Over 200 workers keep the cobbled streets clean. There is no litter on the sidewalks, no laundry to dry. Just selfie-ready backdrops – flowing green canals, sloping tile roofs, stone bridges – at every turn.

Two decades ago, Wuzhen was one of many small towns in the country that were being hollowed out by urbanization. After a major fire devastated much of the city, Mr. Chen, originally from Wuzhen, saw an opportunity to rebuild it as a tourist destination.

There wasn’t much to work with. There were no postcard-worthy mountains or great rivers. But there were canals, built as part of the old Grand Canal system, and the city’s decaying traditional architecture. Starting with the eastern part of the city and later moving to the western part, workers restored the old buildings and in some cases rebuilt them entirely.

The residents were forced to move. The factories were closed. The power lines were buried underground. The canals have been cleaned. Parking lots, reception centers and hotels have been built.

It was a contentious process that entailed human costs. Liu Huigen, for his part, was forced to move twice to make room for development.

“Of course, some people were against it,” said Mr. Liu, 67, a second-generation barber. “But they ended up coming back. At the end of the day, we all try to be good citizens.

Mr. Liu spoke about the interior of the small white-walled store where he keeps two rusty barber chairs on the main pedestrian street in the western scenic area of ​​Wuzhen. Mr. Liu worked on this street for 20 years, long before there were any tourists. It looks pretty much the same, he said, although it’s cleaner now and more marketed.

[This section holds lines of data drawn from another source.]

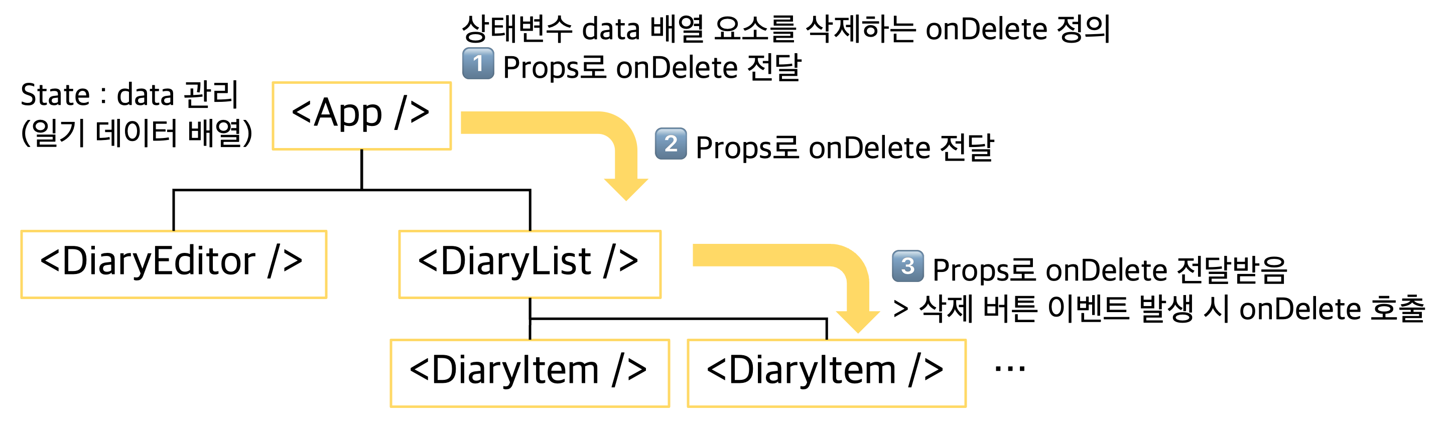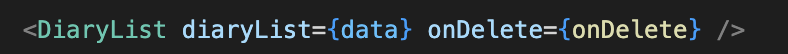 > 리스트 각 요소에서 onDelete를 호출해야하기 때문에 DiaryItem에 onDelete 함수 전달
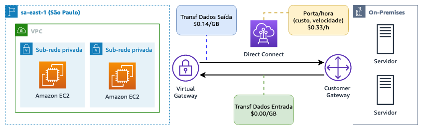 i.Será um custo cobrado por GB/mês dependendo da região e da capacidade da porta. Veja a Definição de preço do AWS Direct Connect para mais detalhes;
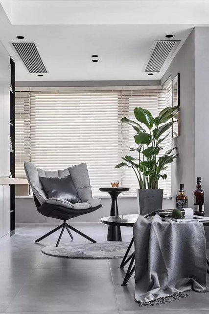 客廳將灰調(diào)運用的淋漓盡致,茶幾與沙發(fā)椅皆由灰黑色交織,簡約大氣。
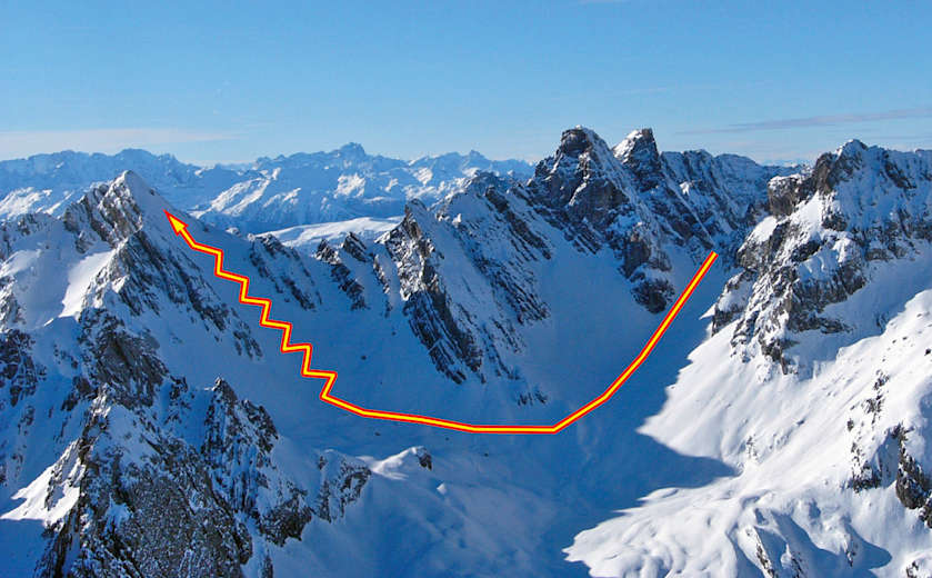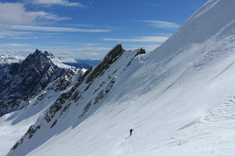 Auffallend ist die „Fels-Warze“, etwa 100 Hm oberhalb. Unter dieser geht es, je nach Verhältnissen mit oder ohne Steigeisen, die Ski tragend links vorbei. Eine ansteigende Querung führt zum kurzen, schmalen Ostgrat links vom Gipfel. Achtung: Dieser Teil ist kammnah und oftmals mehr eingeblasen als die restliche Wand. Über den Grat unschwierig in wenigen Schritten zum höchsten Punkt.

Due to the entrance fee to the tourist area, Mr. Liu said, he no longer saw some of his old customers. But, as is the case with many store workers here, the increase in the number of tourists more than made up for this loss.

“Life is better now with tourists,” said Shen Wenying, 66. Sitting on a wooden stool one recent afternoon, Ms. Shen dipped her hands in a bucket to extract the dead silkworms from their small white cocoons to make silk thread. While she was working, a group of tourists began to gather to take photos of what appeared to be a seasoned local craftswoman at work.